"""

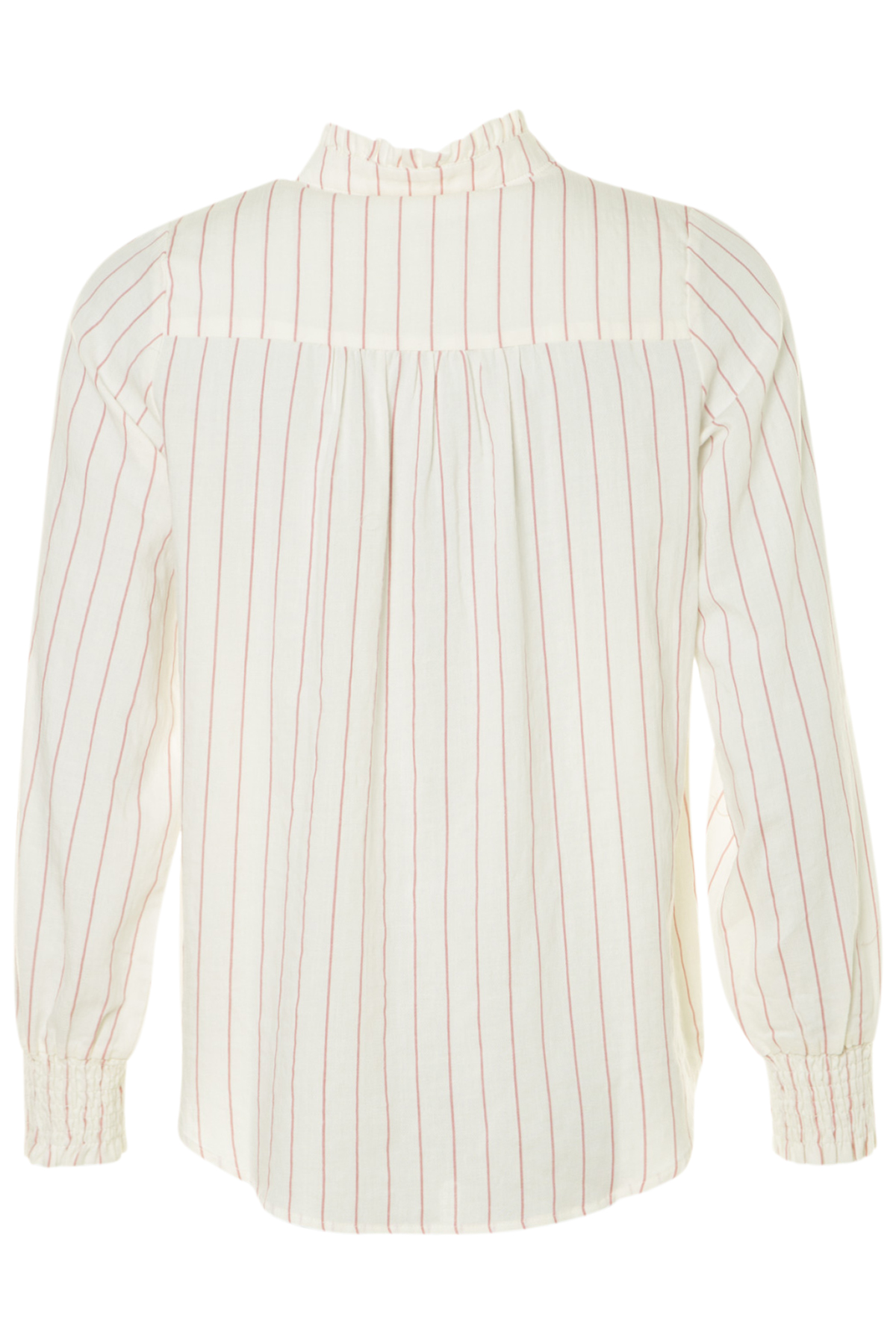 En fin randig blus från Soulmate med smal ståkrage och volang. Blusen är rak i modellen och vid i passformen och knäpps med sex dekorativa knappar fram. Blusen har ärm med smock-resår i ärmsluten och är... Läs mer...
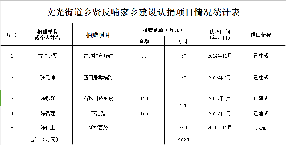 文光街道乡贤反哺家乡建设认捐项目情况统计表
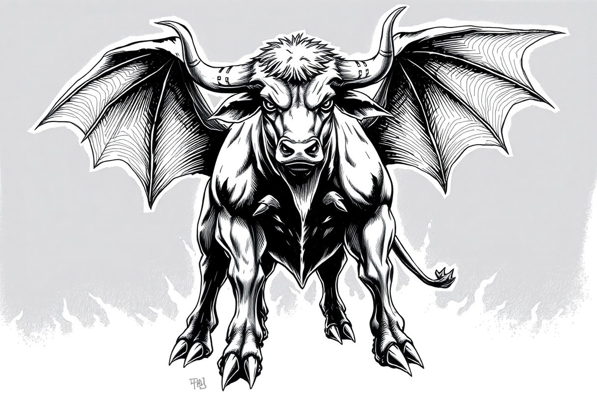 fantasy, ink art, comic style art, bull is standing with four feet, feet has 3 claws, bat wings, muscular
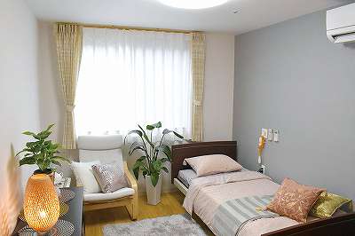 居室設備:テレビ回線, エアコン, クローゼット, 防災設備, 空調換気設備, 照明器具, 電動介護ベッド, カーテン, 寝具, 洗浄機能付トイレ(車いす対応・緊急コール付), 車椅子対応洗面化粧台, 介護用電動介護ベッド
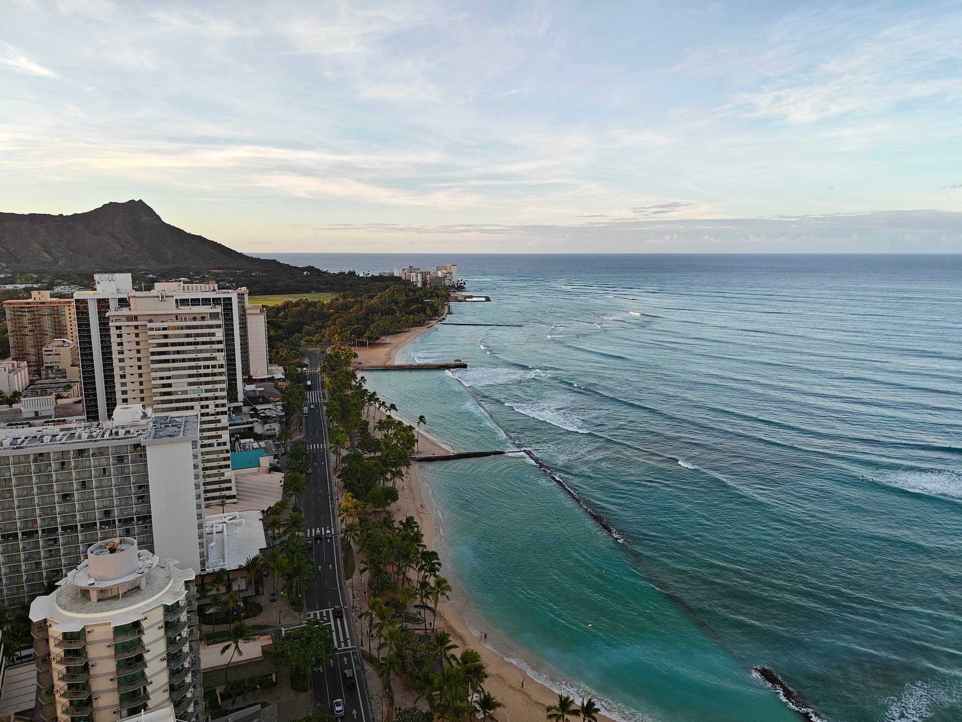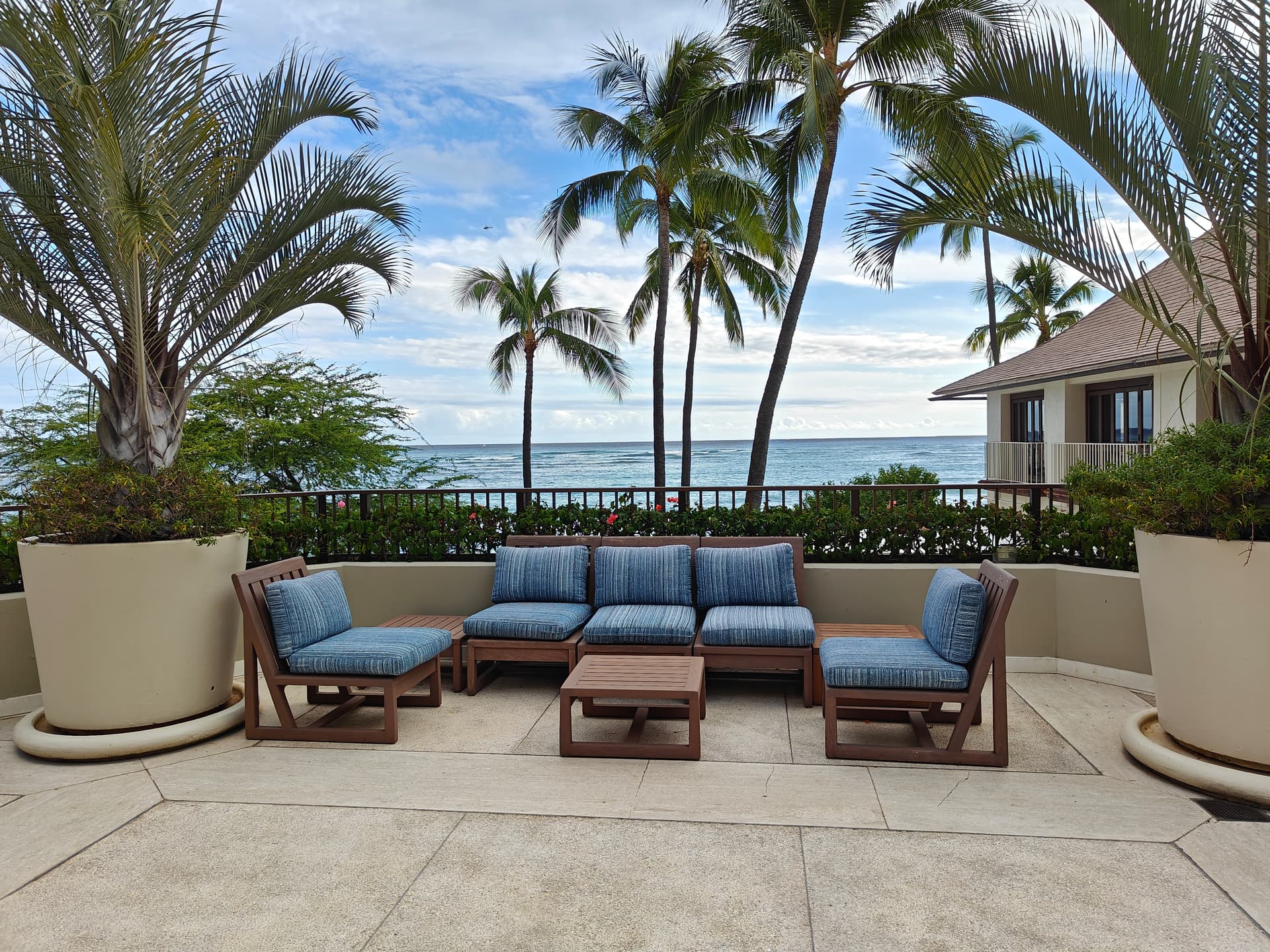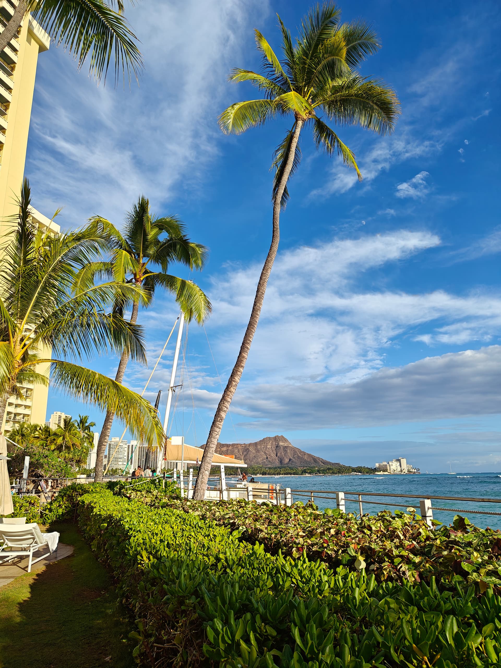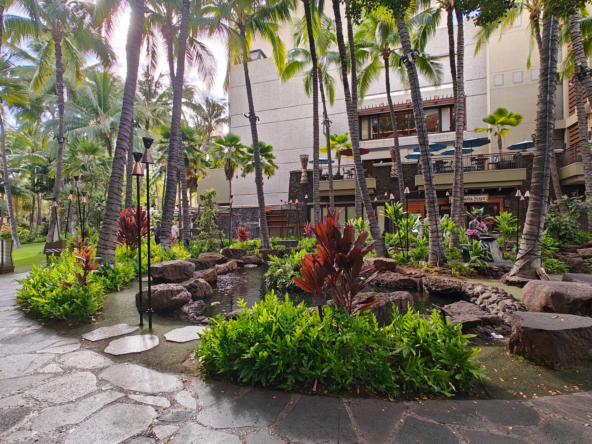 在一众奢华酒店缺席的热闹Waikiki,几个连锁集团集体都在以上千间房间的大卖场姿态摆烂,而四季这个水平的酒店都深谙segregation之道,不是开在私人岛上就是在Oahu的尽头 (Ritz Turtle Bay, Four Seasons Ko Olina, etc)。所以日本经济景气留下来的遗产,三菱不动产持有的Halekulani应该是Waikiki唯一勉强合格豪华酒店的选择了。酒店入口深藏在门庭若市的Waikiki中心,如果不是特地前往应该很难注意到这个外观毫无特点的物业。踏进酒店大门,看到的服务员比游客多,才能感受到这里确实是一个豪华酒店。

"""

# WORK REQUIRED
Starting at the first line of the material above and ending with the line that contains "洗浄機能付トイレ(車いす対応・緊急コール付), 車椅子対応洗面化粧台, 介護用電動介護ベッド", reproduce every line exactly, and leave out the pictures.

# FINAL ANSWER
 En fin randig blus från Soulmate med smal ståkrage och volang. Blusen är rak i modellen och vid i passformen och knäpps med sex dekorativa knappar fram. Blusen har ärm med smock-resår i ärmsluten och är... Läs mer...
 文光街道乡贤反哺家乡建设认捐项目情况统计表
 fantasy, ink art, comic style art, bull is standing with four feet, feet has 3 claws, bat wings, muscular
 居室設備:テレビ回線, エアコン, クローゼット, 防災設備, 空調換気設備, 照明器具, 電動介護ベッド, カーテン, 寝具, 洗浄機能付トイレ(車いす対応・緊急コール付), 車椅子対応洗面化粧台, 介護用電動介護ベッド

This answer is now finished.